How to increase GPU usage during training

luminoussin · January 12, 2020, 2:06am

Hello, I just learned using pytorch recently and I have stumbled upon some problem. Somehow when I do training for some image producing model I realized that my GPU utilization is very low (1144/ 11000) around 10% of my GPU capabilities, my PC has GTX 1080Ti. When I asked my friend they said that I need to increase the batch size during data loading, so I increased it from 8 -> 70 and it does make my GPU usage become (10000/11000) but it seems that the training time it took isn’t that different and to my surprise the output result is way worse compared to when I use batch size of 8. So is there any way to speed up my training process without affecting the output result? Thank you

Eta_C · January 13, 2020, 2:38am

In nvidia-smi, Memory-Usage is how much GPU memory does this process use. GPU-Util reports what percentage of time one or more GPU kernel(s) was active for a given time perio. You say it seems that the training time isn’t different. Check GPU-Util.
In general, if you use BatchNorm, increasing the batchsize will lead to better results.
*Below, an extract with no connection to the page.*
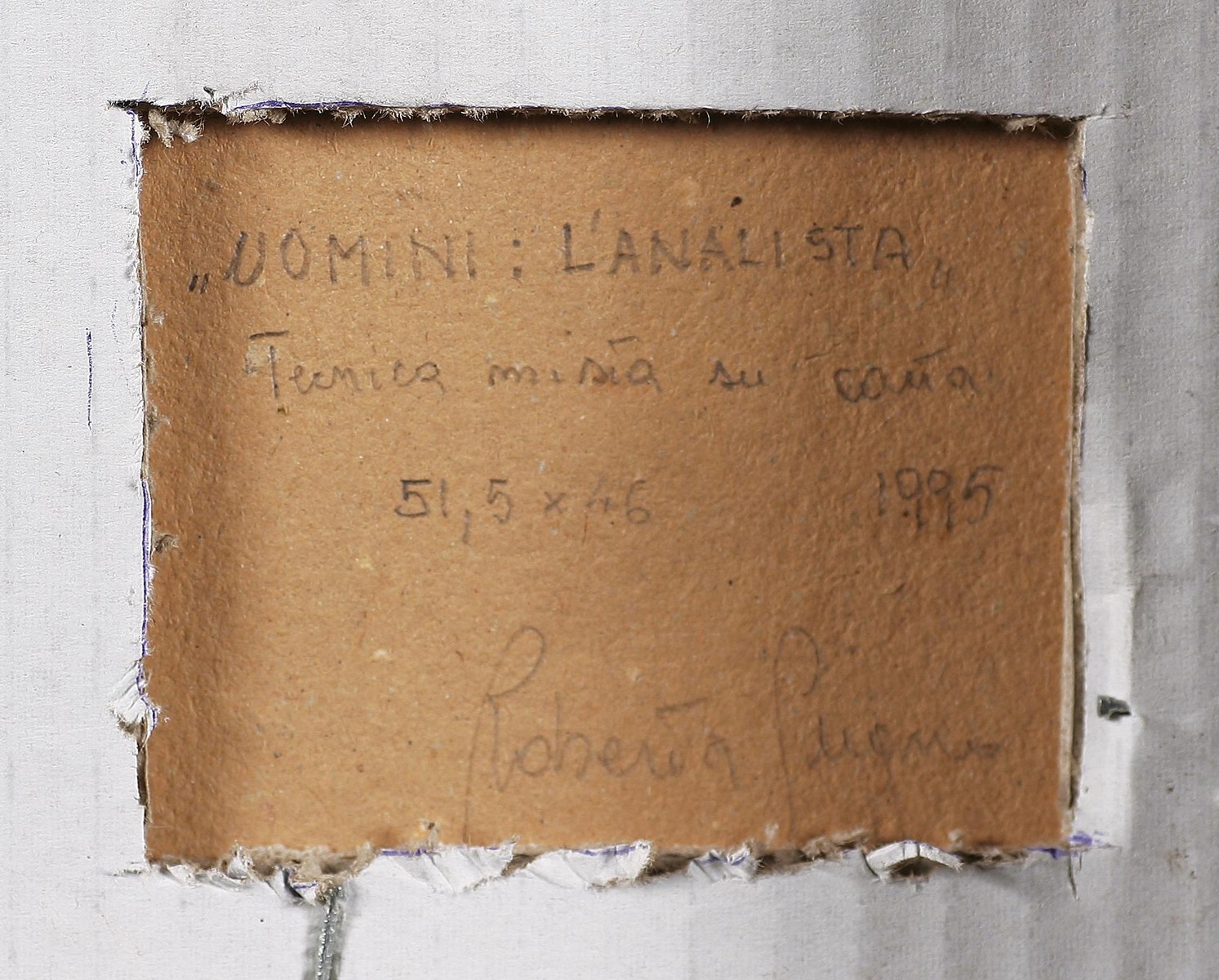 PUGNO ROBERTA Uomini: l'analista. 1995. Tecnica mista su carta. Cm 39,00 x 34,00. Al retro titolo, firma tecnica e anno. Cornice presente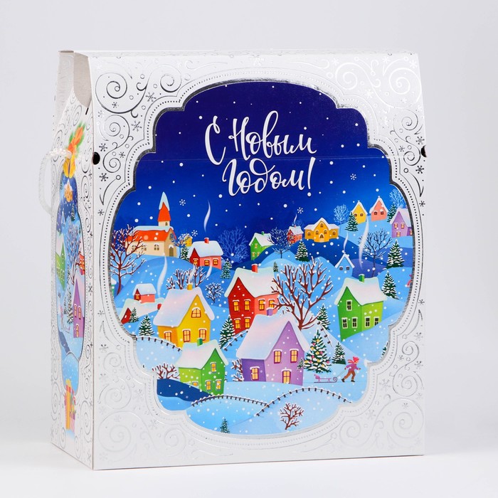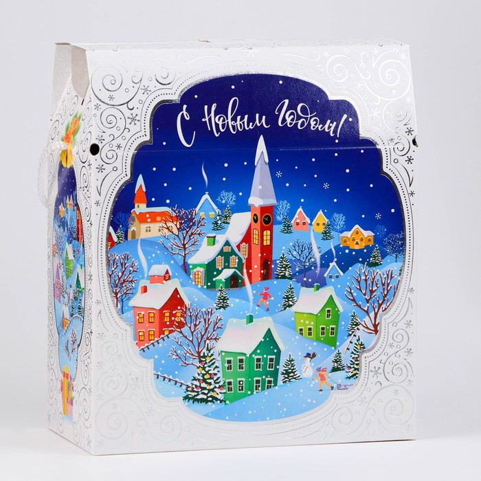 Коробка подарочная новогодняя «Городок» 21.5×25.6×11 см

Since the batchsize is increased by 9 times, if you still use the same hyperparameter configuration, such as num_epochs, you may need to check for overfitting (just a possible conjecture).

luminoussin · January 13, 2020, 4:02am

Hi, Thank you for your reply. I forgot to mention that I checked using watch -n 1 nvidia-smi and the GPU-util part usually changes between 0->98->30->99 and around that. I also use a lot of BatchNorm on my model. I did finish another training session from scratch and this time I changed the batch size from 70 to 5 and the result is even better than when I used batch size of 8. So I just assume that bigger batch size would result in worse result in my model but is there a way to speed things up just like what I asked on my post?
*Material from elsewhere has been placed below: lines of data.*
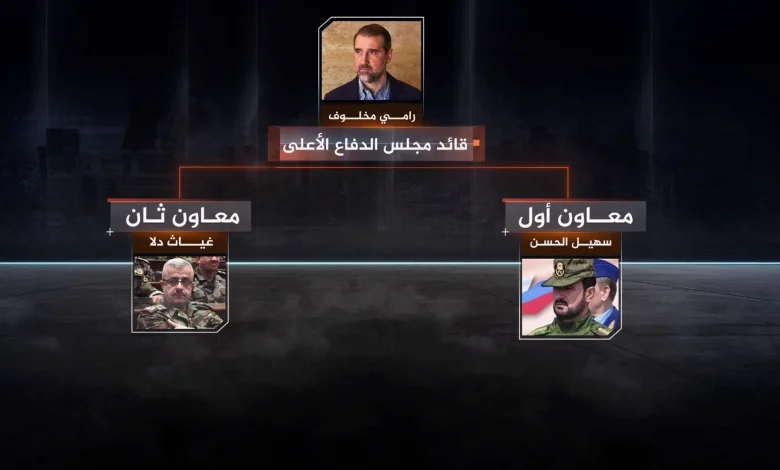 وبحسب الوثائق، يتصدر رجل الأعمال رامي مخلوف، ابن خال الرئيس السوري السابق بشار الأسد، ما يسمى بالمجلس الأعلى للدفاع، وهو ما يؤكد استمرارية نفوذه المالي والسياسي. يليه قائد القوات الخاصة السابق سهيل الحسن، الذي يُعتبر من أبرز القياديين العسكريين، ثم العميد السابق غياث دلا، الذي يتولى الإشراف الميداني المباشر على هذه المجموعات المسلحة. هذه القيادات الثلاث تشكل رأس الهرم في هذا التنظيم الجديد.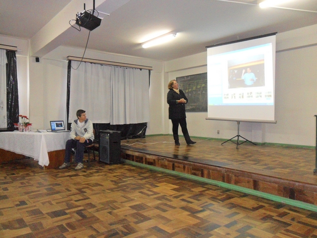 No dia 23 de maio, a professora Fátima Padilha Martins, que exerce sua profissão na Escola de Educação “Antonio Blaskowski” junto à sala do serviço de atendimento educacional especializado (SAEDE), a convite dos alunos do 4º ano do magistério da Escola “Virgilio Várzea” proferiu palestra sobre a regulamentação das leis das Libras – Língua Brasileira de Sinais – e a lei que regulamenta a profissão de interprete no estado.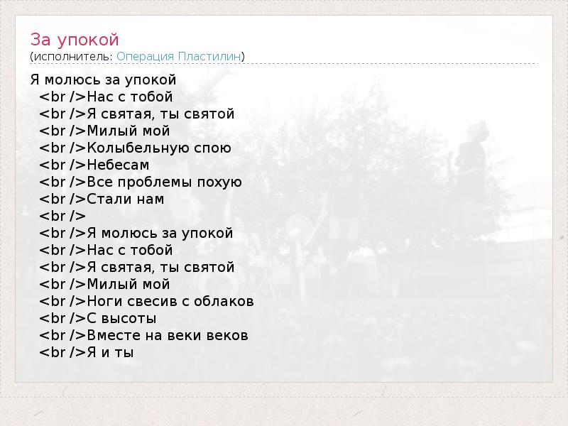 Это интересно:Непризнанные артисты планеты Земля творческая формация «Операция Пластилин».Часть первая. Поэтика. Когда наши первые 2 песни появилась на свет за грязными окнами каморки, где проходила Операция, стоял ноябрь 2002 года. Часть вторая. Начало. Через два дня после родов выступили в ДК «Спутник» (г.Тамбов) на каком-то сейшене в абсолютно адекватном состоянии (!). Так вполне... продолжение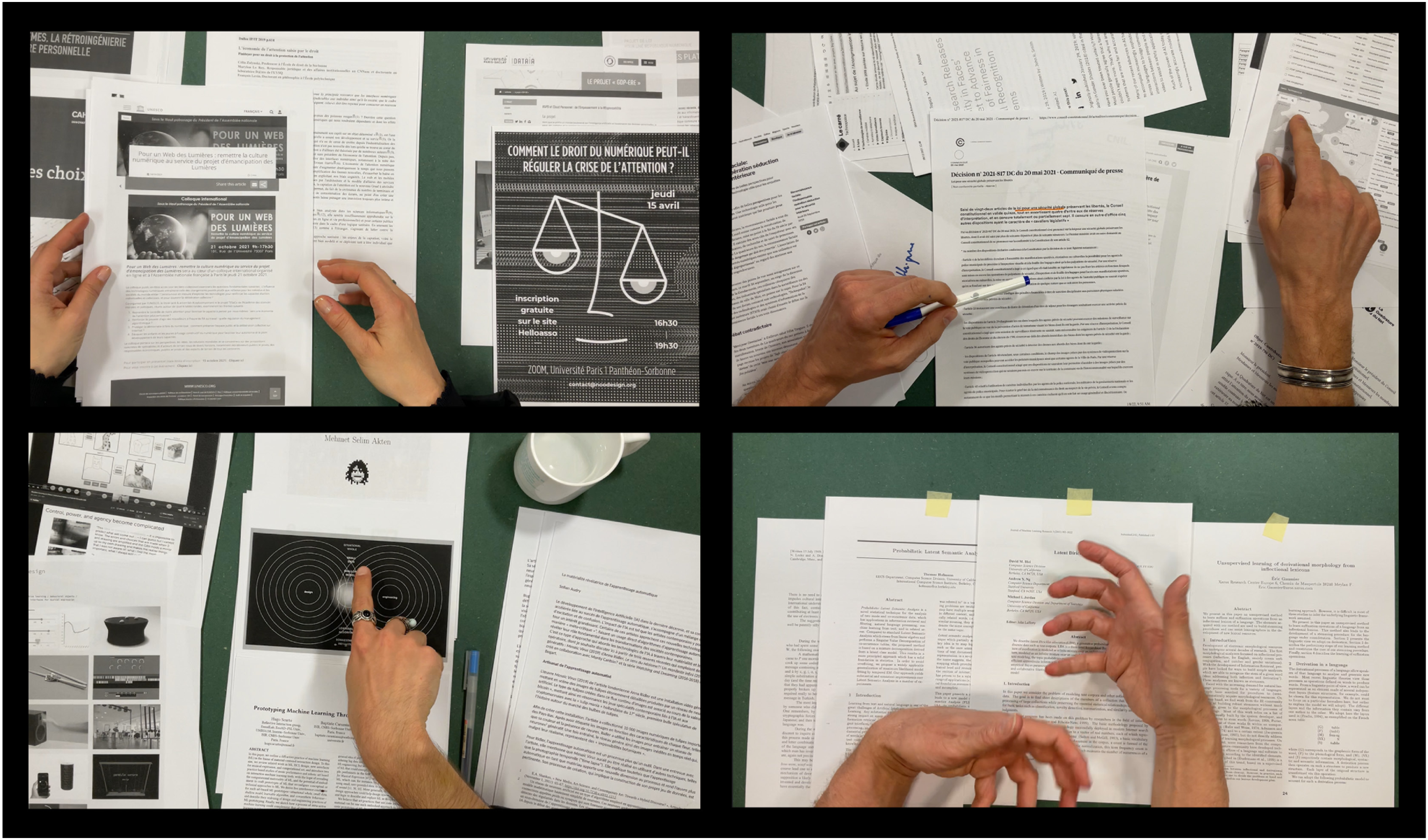 Screenshots from 4 different video recordings, where we see the co-inquirers using (grouping, pointing, sorting out, discarding) the documents they picked from the wall of documents.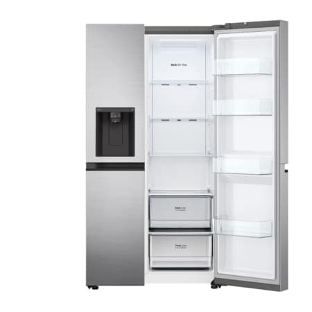 LG GSLV50PZXE. Apparaatplaatsing: Vrijstaand, Productontwerp: Amerikaanse deur, Kleur van het product: Zilver. Totale nettocapaciteit: 635 l, Klimaatklasse: T, Geluidsemissieklasse: C. Nettocapaciteit koelkast: 416 l. Nettocapaciteit vriezer: 219 l, Vriezer positie: Ernaast, Vriescapaciteit: 12 kg/24u. Energie-efficiëntieklasse: E, Jaarlijks energieverbruik: 350 kWu, Energie-efficiëntieschaal: A tot G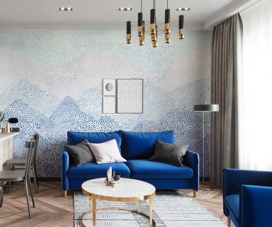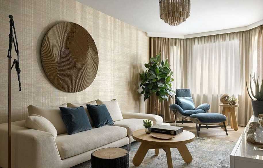 Гостиные комнаты могут быть отделаны полотнами любой цветовой гаммы, фактуры, но лучше, чтобы она поддерживала общий стиль помещения.
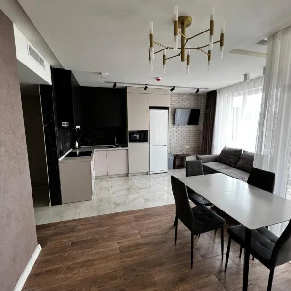 GolubinoyeにあるАпартаменти SunVI в ЖК Сонячний Кварталは、エアコン完備のユニット(無料WiFi利用可)と庭(テラス付)を提供しています。敷地内の専用駐車場を提供しています。 設備の整った各ユニットには洗濯機、薄型テレビ、ソファ、ワードローブが備わります。キッチンには冷蔵庫、電子レンジ、コンロ、ポットも備わります。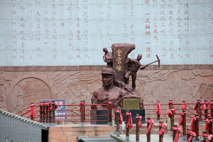 灵官峡宝成线建设纪念碑,后面是杜鹏程的《夜走灵官峡》

Eta_C · January 13, 2020, 4:12am

It seems that your GPUs are waiting for your CPUs. Maybe most of the time is spent loading and preprocessing data.

luminoussin · January 13, 2020, 9:27am

So what would you suggest to make it faster?

Isaac_Kargar · January 29, 2020, 5:37am

Related to this:

kaiseryet · January 29, 2020, 6:22pm

Once I read somewhere said using cudnn can accelerate training by increase GPU usage.

chen_shao · December 10, 2022, 12:07pm

I am not an expert, but theoretically, larger batch size provides more accurate gradient estimation.